WORK INSTRUCTION: Give again, word for word, every line below from the one that has "Rückblick: Seit einer" through the one that has "柞蚕大條糸で織り上げたツイード生地を使用したストール。", both included, and no others.
::: EXERCISE MATERIALS
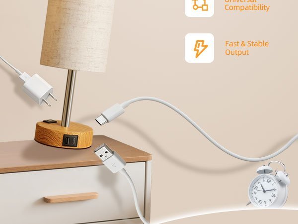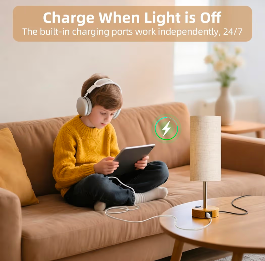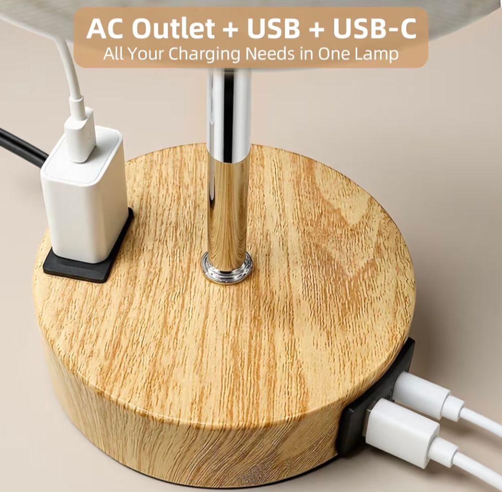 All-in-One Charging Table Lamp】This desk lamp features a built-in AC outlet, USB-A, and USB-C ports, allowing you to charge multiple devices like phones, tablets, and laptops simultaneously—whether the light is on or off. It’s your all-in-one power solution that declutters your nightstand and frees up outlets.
::::::
::: EXERCISE MATERIALS
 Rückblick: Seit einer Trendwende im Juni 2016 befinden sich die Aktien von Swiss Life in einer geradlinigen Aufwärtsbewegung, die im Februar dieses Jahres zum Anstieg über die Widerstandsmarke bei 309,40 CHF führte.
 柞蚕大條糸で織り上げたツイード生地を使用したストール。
::::::
EXERCISE OUTPUT:
 Rückblick: Seit einer Trendwende im Juni 2016 befinden sich die Aktien von Swiss Life in einer geradlinigen Aufwärtsbewegung, die im Februar dieses Jahres zum Anstieg über die Widerstandsmarke bei 309,40 CHF führte.
 柞蚕大條糸で織り上げたツイード生地を使用したストール。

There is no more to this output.